Sox17 Regulates Liver Lipid Metabolism and Adaptation to Fasting

DOI Web Site PubMed 1 Citations 36 References Open Access

Bibliographic Information

Published
2014-08-20
Resource Type
journal article
Rights Information
  • http://creativecommons.org/licenses/by/4.0/
DOI
  • 10.1371/journal.pone.0104925
Publisher
Public Library of Science (PLoS)

Description

Liver is a major regulator of lipid metabolism and adaptation to fasting, a process involving PPARalpha activation.

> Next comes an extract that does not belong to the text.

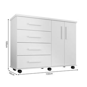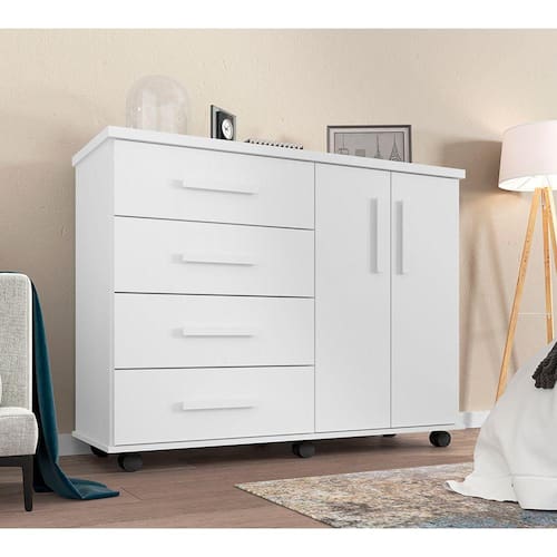 A Cômoda Encanto completa o ambiente com seu estilo moderno. Possuindo 4 gavetas e 2 portas aliado com qualidade e resistência, a cômoda proporciona praticidade, além de espaço para guardar as coisas no quarto em um produto cheio de estilo.Tipo: CômodaModelo: EncantoCor: BrancoMedidas:Altura: 100cmLargura: 130cmComprimento: 46cmATENÇÃOIMAGENS MERAMENTE ILUSTRATIVAS, PODENDO HAVER UMA PEQUENA VARIAÇÃO DE COR DEPENDENDO DE CADA TELA OU MONITOR. Marca: CONFFORRT CASA

We recently showed that the Vnn1 gene is a PPARalpha target gene in liver and that release of the Vanin-1 pantetheinase in serum is a biomarker of PPARalpha activation. Here we set up a screen to identify new regulators of adaptation to fasting using the serum Vanin-1 as a marker of PPARalpha activation. Mutagenized mice were screened for low serum Vanin-1 expression. Functional interactions with PPARalpha were investigated by combining transcriptomic, biochemical and metabolic approaches. We characterized a new mutant mouse in which hepatic and serum expression of Vanin-1 is depressed. This mouse carries a mutation in the HMG domain of the Sox17 transcription factor. Mutant mice display a metabolic phenotype featuring lipid abnormalities and inefficient adaptation to fasting. Upon fasting, a fraction of the PPARα-driven transcriptional program is no longer induced and associated with impaired fatty acid oxidation. The transcriptional phenotype is partially observed in heterozygous Sox17+/- mice. In mutant mice, the fasting phenotype but not all transcriptomic signature is rescued by the administration of the PPARalpha agonist fenofibrate. These results identify a novel role for Sox17 in adult liver as a modulator of the metabolic adaptation to fasting.

Journal

  • PLoS ONE

    PLoS ONE 9 (8), e104925-, 2014-08-20

    Public Library of Science (PLoS)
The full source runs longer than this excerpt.